Let’s make the best of that time.

  1. Pursue a hobby that you’ve always wanted to start. Get truly passionate about it and start improving. Maybe you’ve always wanted to oil paint – now is the time to take lessons. Perhaps you want to learn how to bake a killer macaron or design your own website (PS: I can give you WordPress tips). Start now, start now, start now! You can possibly even start a club at UW. Take something you are interested in, and move it to the next level.
  2. Polish up that resume! Add a pop of colour. Add modern graphic designs. Update it with your experiences. Make it so well-designed that employers HAVE to take a second look. Your resume should be 2 pages maximum, highlighting only relevant information.
  3. Make a LinkedIn account. Most employers will search up your name, and potentially make their final decision based on your online presence. Use your LinkedIn as an “extended resume”. Show off the courses you’ve taken, the awesome experiences you have, and the things you’re passionate about. You can see mine at www.linkedin.com/in/cindyweikinesiology/
  4. Consider doing some kin-related volunteering. I volunteered at Waterloo Sports Medicine, which gave me great experience for the clinical job that I am doing now. You can volunteer in 2-hour shifts once or twice a week. I also volunteered at KidsAbility, where I helped a teacher lead a class of 8-10 kindergarteners with special needs. One of my favourite summer volunteer jobs was supervising elderly residents at the Parkwood Senior Home. Eventually, they allowed me to lead my own Stretch and Strengthen fitness classes for groups of seniors (age 70+).
  5. Go on vacation with your family. In the rest of your Kinesiology degree, you will not have a 4-month break again. Enjoy it! Do things you love.
  6. Consider applying for the AHS Fun Run coordinating team. It was hard work to organize the Fun Run, but SO worth it – even being at school for 6:30 AM on event day was great. I got to meet so many dedicated upper-year friends.
  7. Chat up a professor (with a polite email!) and ask about research opportunities.
  8. If you are interested in teaching fitness classes like spinning, Zumba, Aquafit, yoga, or barre, consider getting a fitness certification. Search up ‘CanFitPro’ if you’re interested.

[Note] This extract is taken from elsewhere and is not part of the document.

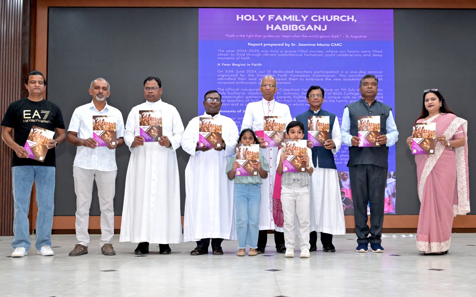 The first copies were presented to clergy, editorial board members, and two children representing the young faithful. This was followed by the felicitation of the Archbishop, dignitaries, and teachers—particularly those honoured for 25 years of service and perfect attendance. families and participants.

10 Things I Need in a Career

Being in Waterloo’s co-op program taught me a lot. I worked at the Toronto Health Centre, a physiotherapy clinic, for the last four months, and was truly instilled with a sense of what I like (and don’t like!) in my future jobs.

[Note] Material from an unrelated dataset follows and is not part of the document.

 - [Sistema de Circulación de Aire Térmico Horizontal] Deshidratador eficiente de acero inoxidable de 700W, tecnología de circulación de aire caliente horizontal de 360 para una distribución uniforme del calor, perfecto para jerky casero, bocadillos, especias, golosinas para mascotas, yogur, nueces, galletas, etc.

  1. Something medical or healthcare related. I like to make people feel their best.
  2. Being able to care for people who cannot care for themselves. By that, I mean that I do NOT want to serve food as a waitress (because that is something people are able to do). I want to teach things to people who don’t understand certain concepts, organize events that people wouldn’t be able to create, or treat regular citizens in a medical sense.
  3. Regular hours. I need to work from 9:00 to 5:00 every day, with a 30-60 minute break for lunch at around 1:00 (flexible). Weekends off; and 2-4 weeks of vacation each year. No overnight shifts!
  4. The ability to be very independent, so I don’t need to wait on other people.
  5. Encouraging, positive, success-oriented coworkers who inspire me to be the best version of myself.
  6. Being able to move around, so I am only sitting in front of a computer 40-60% of the time. I like to move it, move it!
  7. Long-lasting relationships. I want to be able to see people grow, progress, improve, develop – over the course of a year (or even a decade or two).
  8. Organized and sanitary environment: no poop for me, please.
  9. A variety of tasks to do every day, so I don’t feel bored. I need to see different people, do different things. No dull, monotonous tasks day after day.
  10. Being able to wear my own choice of comfortable (and professional, of course) clothing.

What do you think? Are my “rules” reasonable?